# VW Rabbit - REAR Brake issues



## mdeflice (Dec 9, 2009)

I've some issues with the rear brakes on my VW Rabbit. They are wearing out about every 10k miles. The dealer originally charged my to replace the rotors and pads. On my second visit they replaced the calipers, rotors and pads all under warranty. Now the pads are wearing down again and it has been less than 10k miles. Any ideas what the problem might be?


----------



## spitpilot (Feb 14, 2000)

*Re: VW Rabbit - REAR Brake issues (mdeflice)*

E brake adjusted too tight...there were issues with this on early Rabbits....did dealer check E brake cable adjustment?...Other causes...caliper guide pins hangin up..these must be cleaned and relubed with every pad change to allow caliper to "float" and release fully...feel your hubs after running..are they super hot?..that's a clue that brakes are draggin...keep docs on this issue...excess heat can and will cook grease outa the wheel bearings..causing premature failure of those expen$ive parts...you want history of problems with brake drag to argue for VW to pay for wheel bearing issues that may arise later! http://****************.com/smile/emthup.gif


----------



## mdeflice (Dec 9, 2009)

*Re: VW Rabbit - REAR Brake issues (spitpilot)*

I'm not sure if they checked the E brake tension.
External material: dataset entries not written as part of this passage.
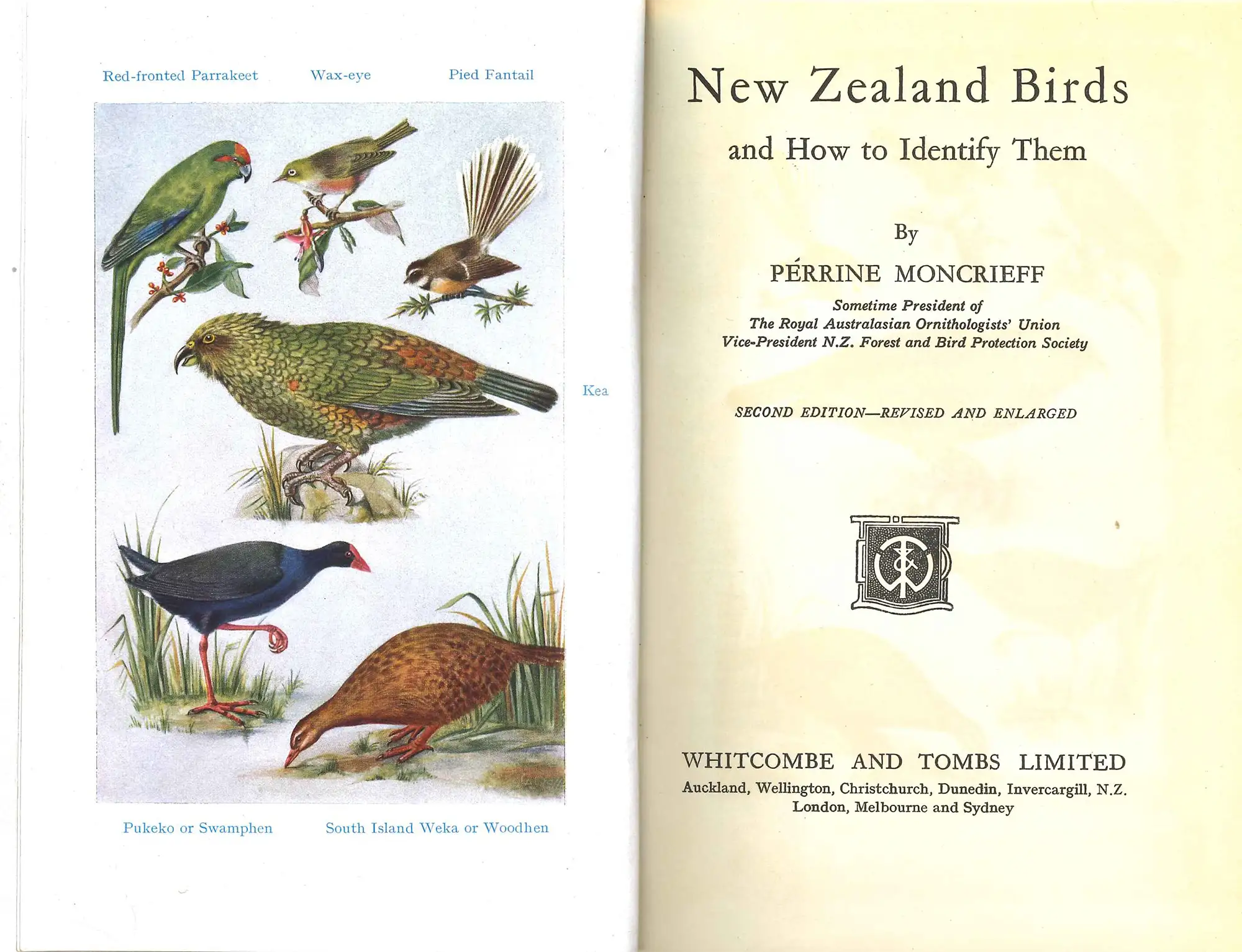 Perrine Moncrieff. New Zealand birds and how to identify them. 2nd ed. Auckland: Whitcombe and Tombs, 1936.
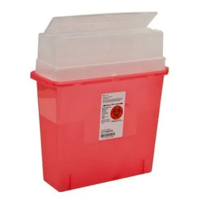 - Unique lid design limits accidental or intentional access to container contents for pediatric and high-risk areas.
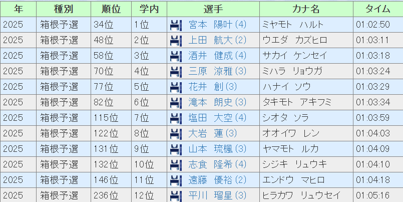 三原が70位、花井が77位、滝本が82位で続いて100位以内は6人ということに。三原、滝本はともに前回の箱根を走っていますし、花井も全日本で良い走りを見せていますからね。実力者がしっかりとチーム上位に入ってきました。塩田が115位、大岩が122位、山本が131位、志食が132位とチーム7~10番手がわずか11秒の間に揃っていたのも良かったですね。塩田は2年連続チーム7番手、大岩は前回2番手、志食は3番手の快走だっただけに、今回は揃ってやや苦しかったですね。山本は予選会初出場ですし、よく走ったと思います。
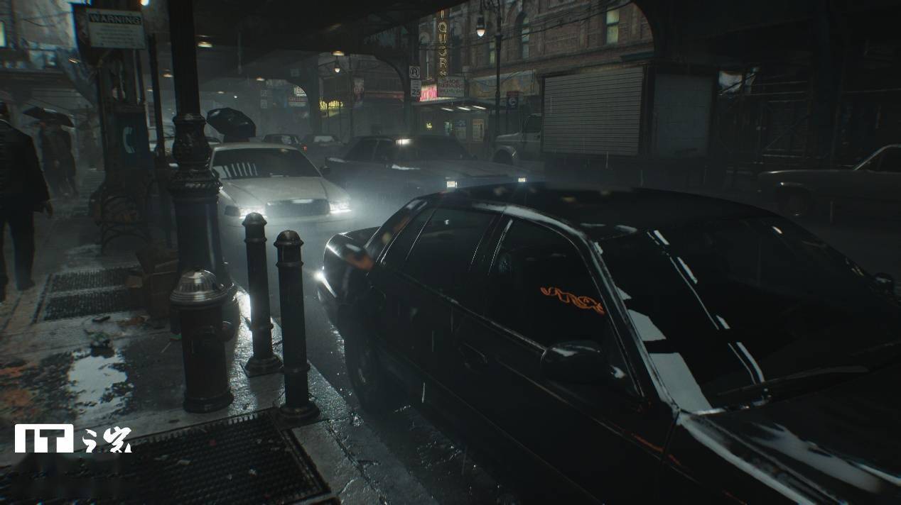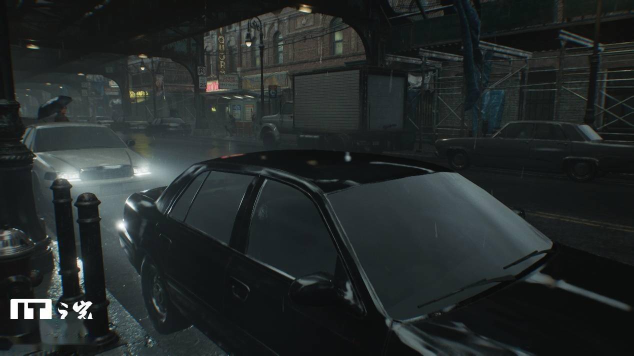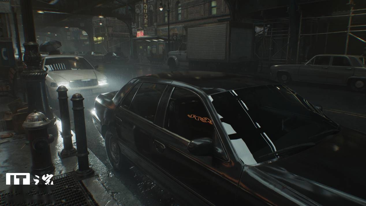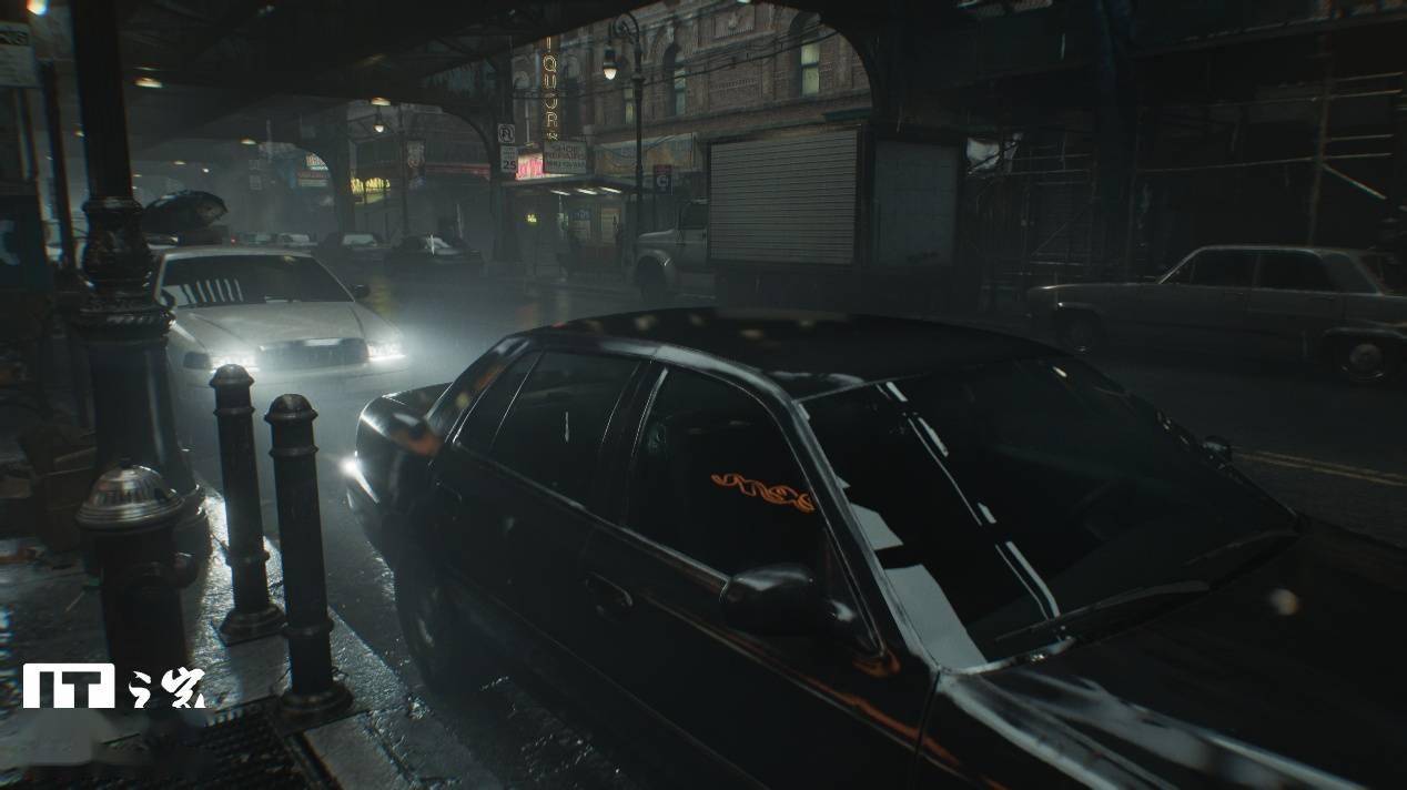 可以看到,关闭和开启光线追踪后画面的区别非常明显,在关闭光线追踪时,场景中主体黑色汽车的对比度偏低,前挡风玻璃的反射非常微弱,侧门玻璃上对于左侧街道上灯箱广告牌的反射直接变成了光带。
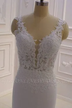 | product name | Elegant Sleeveless Lace V-neck Column White Court Train Wedding Dress |
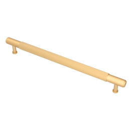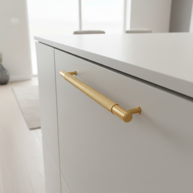 Úchytka LAYLA / Zlatá brúsená je elegantný a luxusne pôsobiaci dizajnový prvok, ktorý spája moderný industriálny štýl s teplým, sofistikovaným vzhľadom brúseného zlata. Charakteristickým znakom úchytky je jemne ryhovaná (knurling) stredová časť, ktorá dodáva úchytke výrazný dizajnový detail a zároveň zabezpečuje komfortný a pevný úchop. Hladké koncovky vytvárajú harmonický kontrast a podčiarkujú precízne spracovanie.
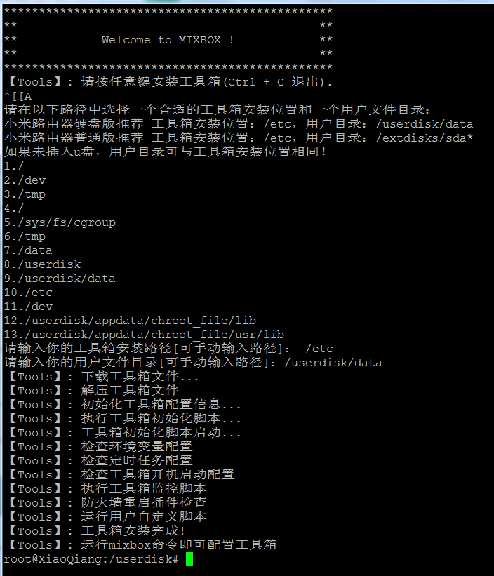 进入后开始安装mixbox工具箱,命令如下
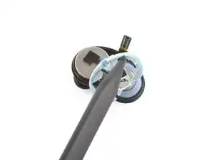 Поместите кончик медиатора для вскрытия между пластиковыми корпусами на изогнутой внутренней стороне наушника.
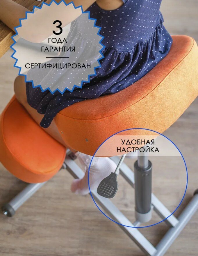 Коленный стул, подушки комфорт толщиной 8 см, автоматическая регулировка высоты газлифт, инструкция
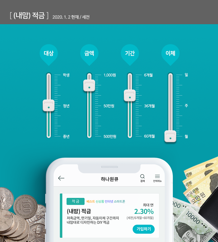 내년이면 엄마 환갑인데… 이번 휴가는 대만으로 먹방여행을 가볼까? 친구들과 여름방학에 유럽으로 배낭여행을 떠나려고 하는데 어떡하지? 이런 생활 속 고민이 있으신 분들에게 내맘대로 DIY 되는 신개념 적금 하나은행 (내맘)적금을 추천해드려요.
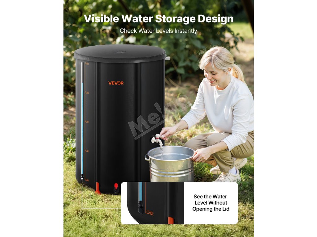 Akrylová priehľadná trubica umožňuje sledovať hladinu vody na prvý pohľad. Vďaka priehľadným líniám stupnice môžete v skladacom sude na dážď ľahko regulovať objem vody bez otvárania veka, čo vám zaručí, že budete mať vždy po ruke dostatok vody.
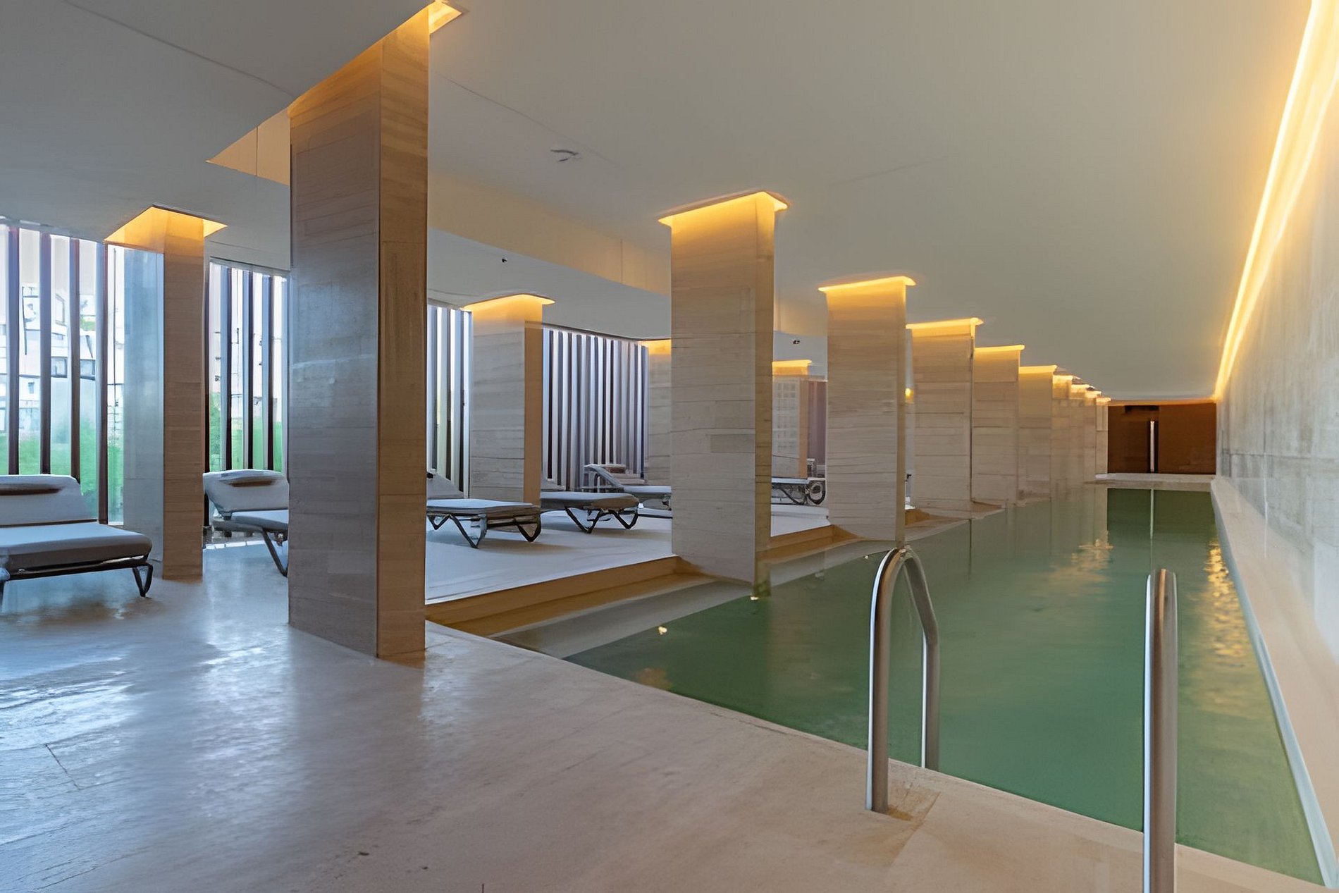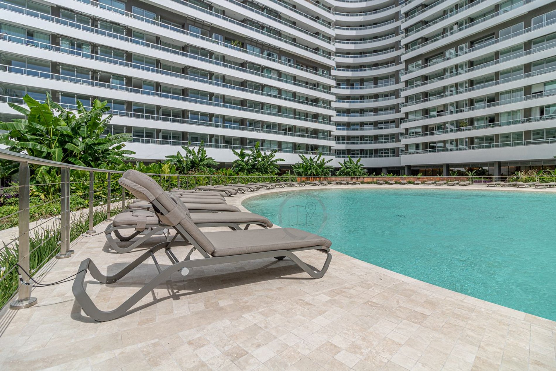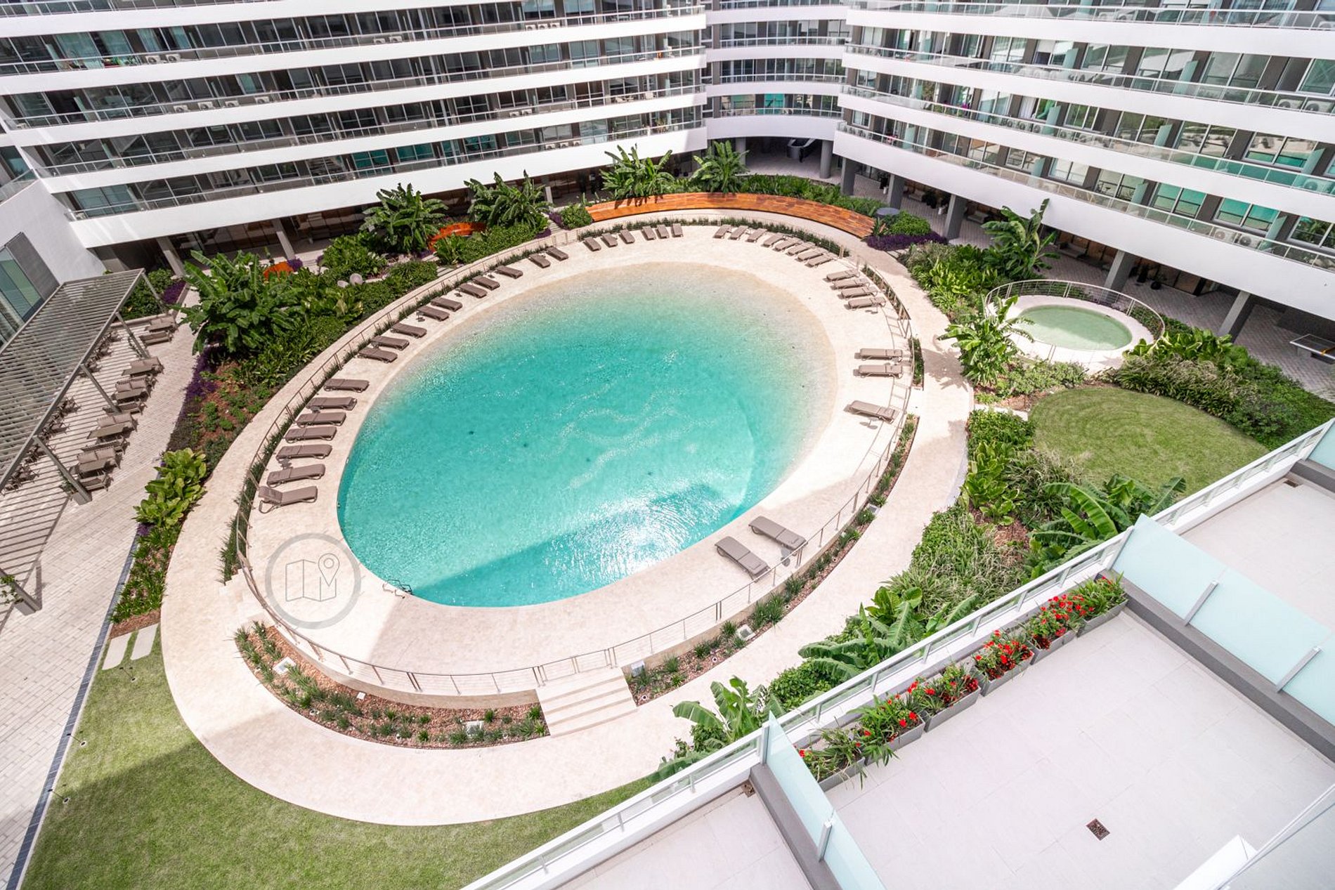 El edificio ofrece una piscina circular externa, otra piscina interior de 25 metros de largo para nadar y un hidromasaje escandinavo en el sector de spa. Además, cuenta con sauna, servicio de masajes, jacuzzi y salas de relajación. El complejo dispone de un gimnasio con equipamiento de primera línea, sala de pilates, sala de yoga, y un circuito aeróbico parquizado de 360º. Salon de belleza dentro del complejo, exclusivo para huespedes. Se requiere reserva.
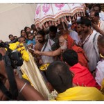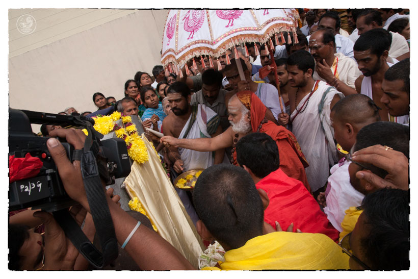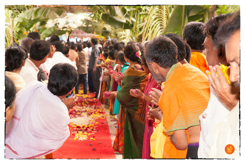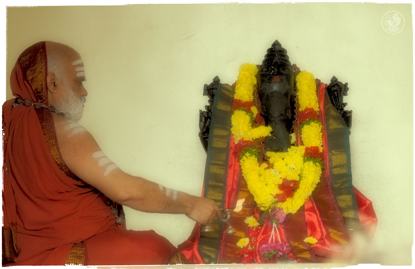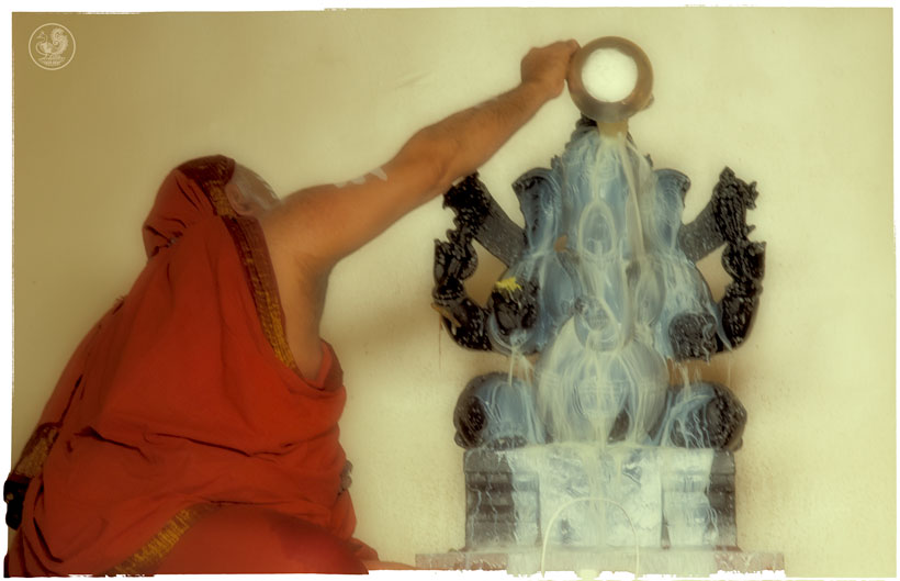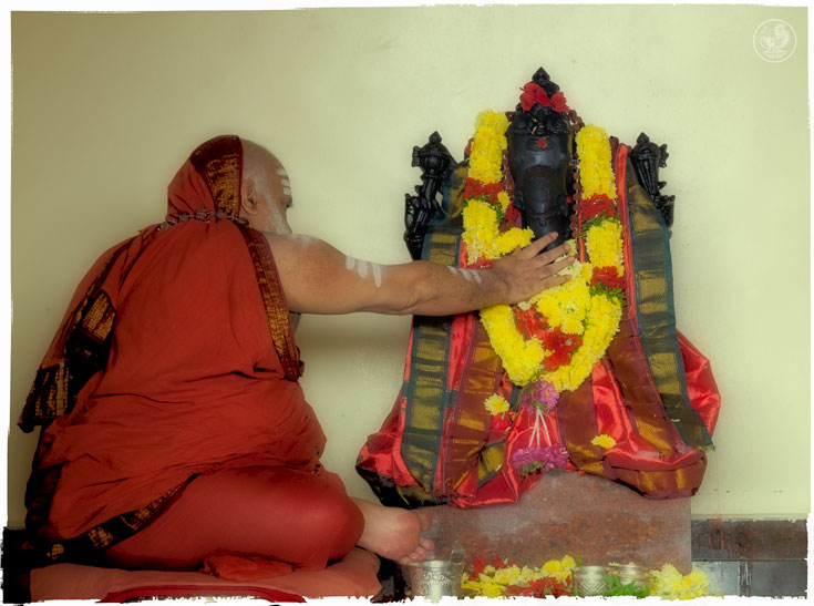 The Jagadguru said He had replied as follows: “If you are like Prahlada, who could see the Supreme Being in every atom, there is no reason for you to come to a temple. For you would then feel the Divine presence all the time. In fact, the Avatara of Narasimha happened for two reasons – to make true the words of Prahlada who had said, ‘God resides in this pillar too’, and to establish the all-pervasiveness of God. Hence there is no question about the all-pervasiveness of God. However, how many of you have such a realization? Hence a temple exists for the majority who have not realized the omnipresence of God, so that they can come here and focus their minds on a deity. Until you get the realization that Prahlada had, it is essential to come to such temples that have been consecrated in accordance with the Shastras. The consecration must be done in accordance to the Shastras for the divine energy to flow through. Thus, the construction of a temple does not imply that we are limiting the all-pervasive God inside four walls.”
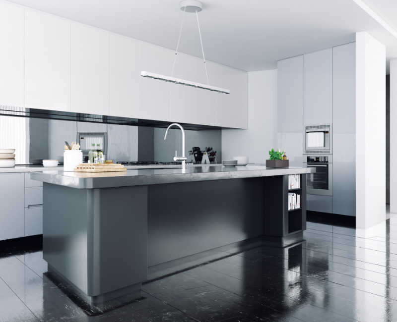 Modern Classic Island Modular Kitchen Cabinets Australia Standard Black Melamine Finish Luxury Lacquer Acrylic Steel Marble

The first time i had my car in they mentioned that they lubed up the calipers, but I still got less than 10k out of my new pads. On my second visit they actually replaced the calipers, rotors and pads but i'm in need of new brakes again and it hasn't even been 10k miles since all the new parts. Someone else i got a tip from mentioned there could be a problem with the brake bias. Do you think this is possible? I'm taking my car back to the dealer soon and would like to have some ammo to push them toward a working solution. Thanks in advance for any more advise you may have!!


----------